To run the pipeline you need to install nextflow (version 23.10.1 or higher) and any distribution of conda (we recommend miniconda; make sure you have one of the newer versions here also; the pipeline currenly runs on conda environments, may change to containers in the future).

Usage

After installing the prerequisites the pipeline can be run with a variation of the following command (this example uses human data from the original SPRITE-seq paper)

nextflow run dmalzl/spritecooler \
        --samples samples.csv \
        --barcodes barcodes.tsv \
        --r1Layout DPM \
        --r2Layout 'Y|SPACER|ODD|SPACER|EVEN|SPACER|ODD' \
        --mismatch 'DPM:0,Y:0,EVEN:2,ODD:2' \
        --genome GRCh38

Here samples.csv is a comma-separated file containing sample information including paths to the files containing the raw sequence data (has to have the follwing format)

sample,replicate,fastq_1,fastq_2
SPRITE01,r1,SRR7216005_1.fq.gz,SRR7216005_2.fq.gz
SPRITE01,r1,SRR7216005_1.fq.gz,SRR7216005_2.fq.gz
SPRITE01,r2,SRR7216006_1.fq.gz,SRR7216006_2.fq.gz
SPRITE02,r1,SRR7216007_1.fq.gz,SRR7216007_2.fq.gz

The sample and replicate columns determine the data groupings during the processing. Specifically, all data with same sample and replicate will be concatenated before going through the different processing stages. Data with same sample but different replicate will be merged after generating the base matrix. Irrespective of these mergings the pipeline will also output results for each replicate up to generating the base matrix.

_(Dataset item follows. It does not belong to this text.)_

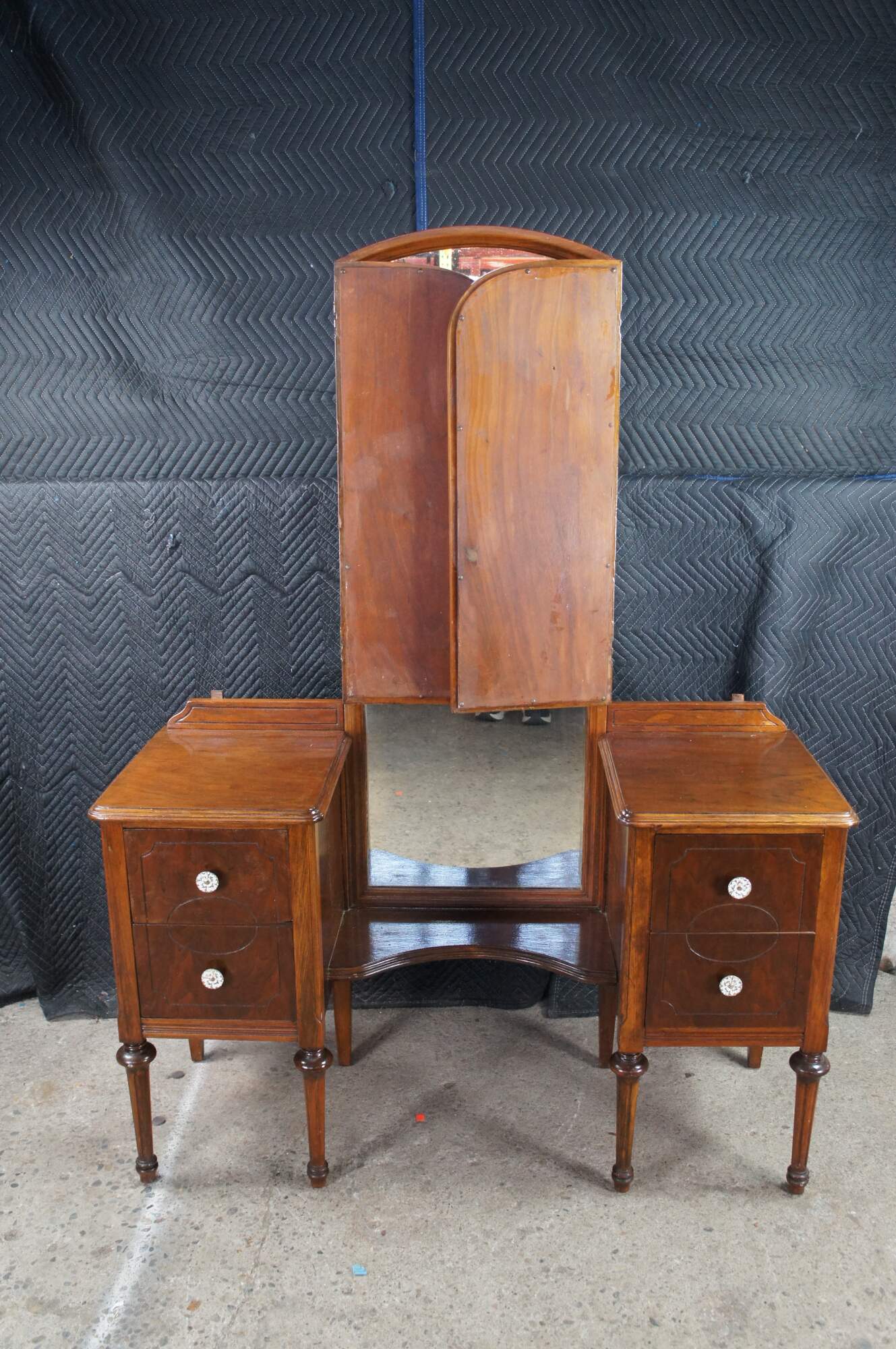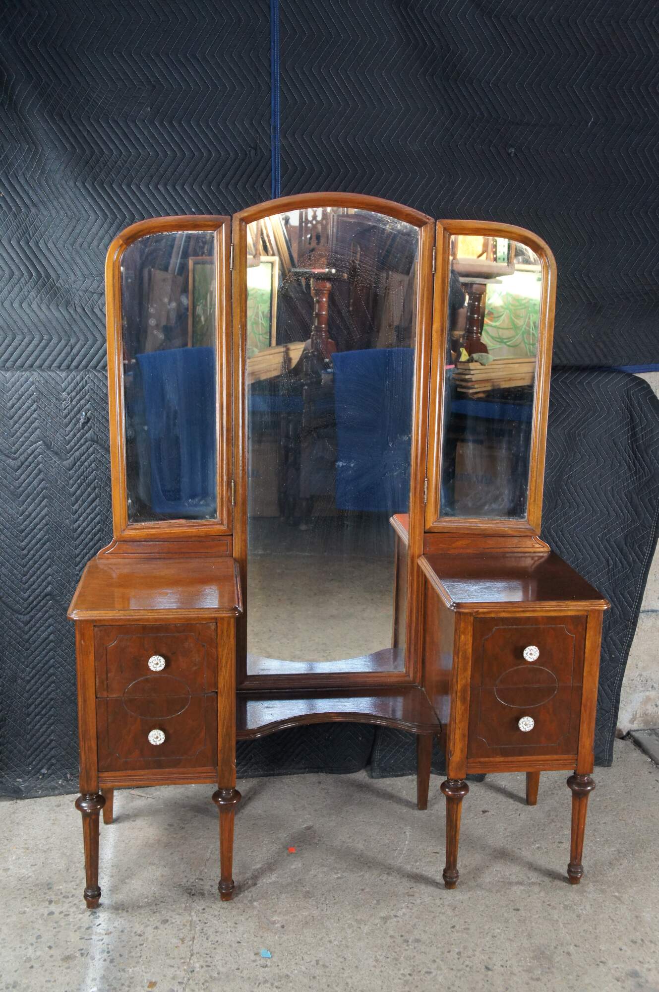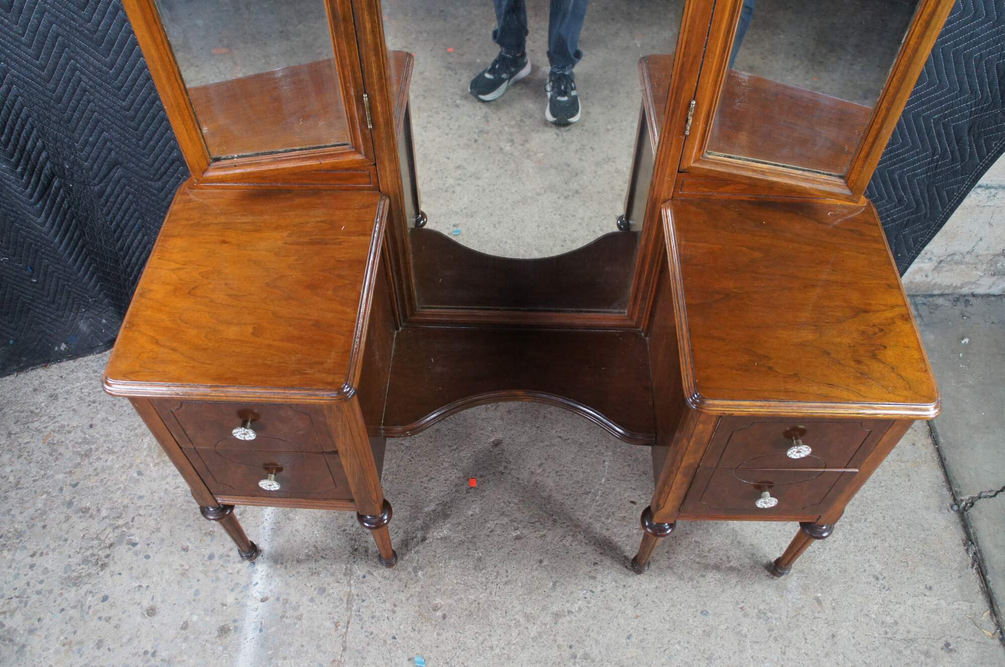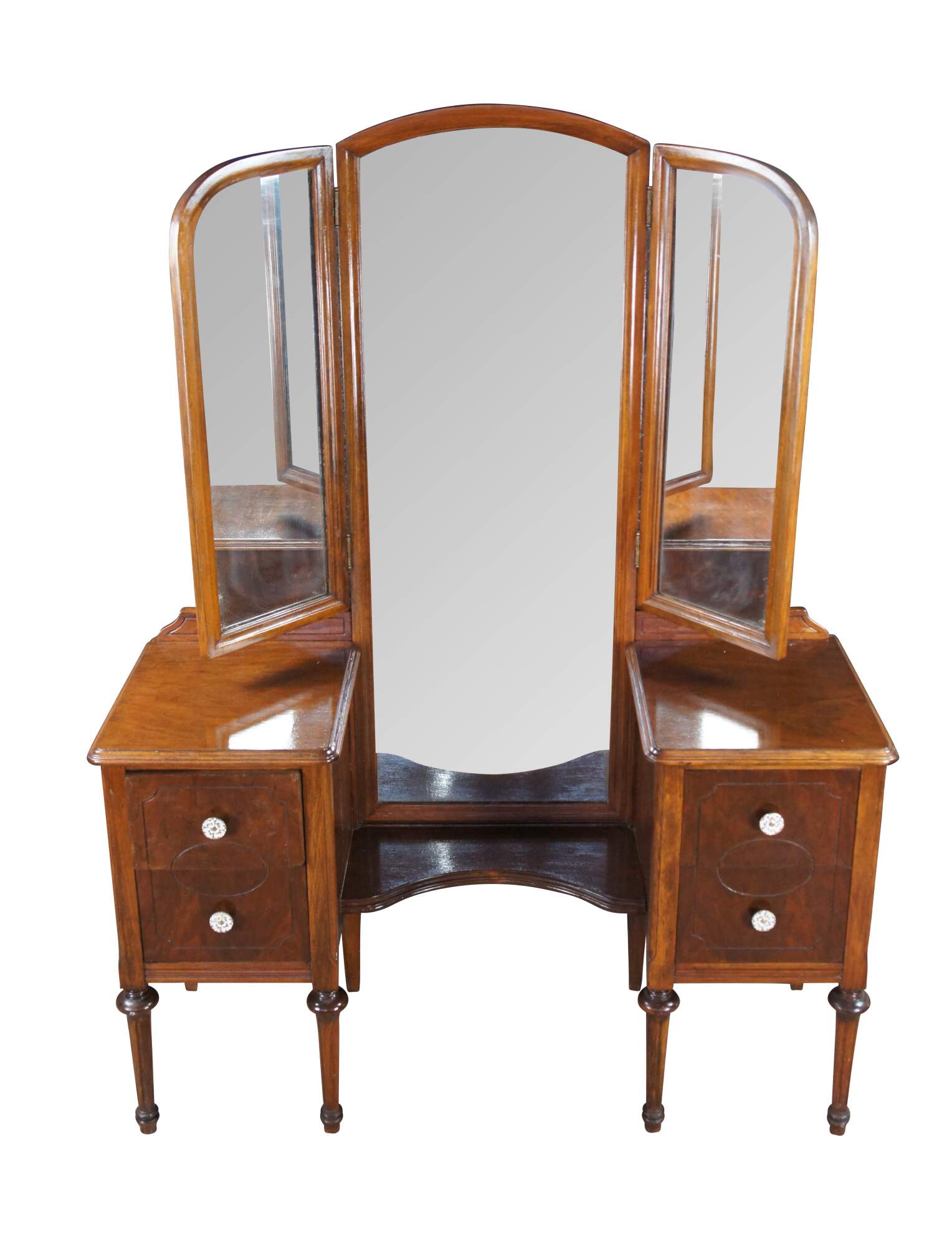 Antique late Victorian, circa 1940s dressing table / vanity. Made of walnut featuring a trifold mirror and four drawers.

The barcodes.tsv is a tab-separated file containing information about the barcodes to extract like barcode category, barcode name and barcode sequence

EVEN    Even2Bo1        ATACTGCGGCTGACG
EVEN    Even2Bo5        CTAGGTGGCGGTCTG
EVEN    Even2Bo2        GTGACATTAAGGTTG
EVEN    Even2Bo6        TATCAATGATGGTGC
EVEN    Even2Bo3        CCTCACGTCTAGGCG

Either one of the layouts can be left out to enable barcode extraction of only one read. Although note that extracted barcodes will always be appended to the read name of read1 and read2 will always be discarded. So to process the original RNA-DNA SPRITE-seq data from Quinodoz et al. a typical pipeline command would look like the following:

nextflow run dmalzl/spritecooler \
        --samples samples.csv \
        --barcodes barcodes.tsv \
        --splitTag DPM \
        --r1Layout DPM \
        --r2Layout 'Y|SPACER|ODD|SPACER|EVEN|SPACER|ODD' \
        --mismatch 'DPM:0,Y:0,EVEN:2,ODD:2' \
        --genome GRCm38 \

The --splitTag parameter tells the pipeline which of the barcode categories to use for splitting the reads into RNA and DNA sequences which are then aligned separately. In this mode the default is to remove the barcodes upon which the data is split from the barcode sequence of each read. If this is not the desired behaviour you can tell the pipeline to keep the tag barcodes by specifying --keepSplitTag true.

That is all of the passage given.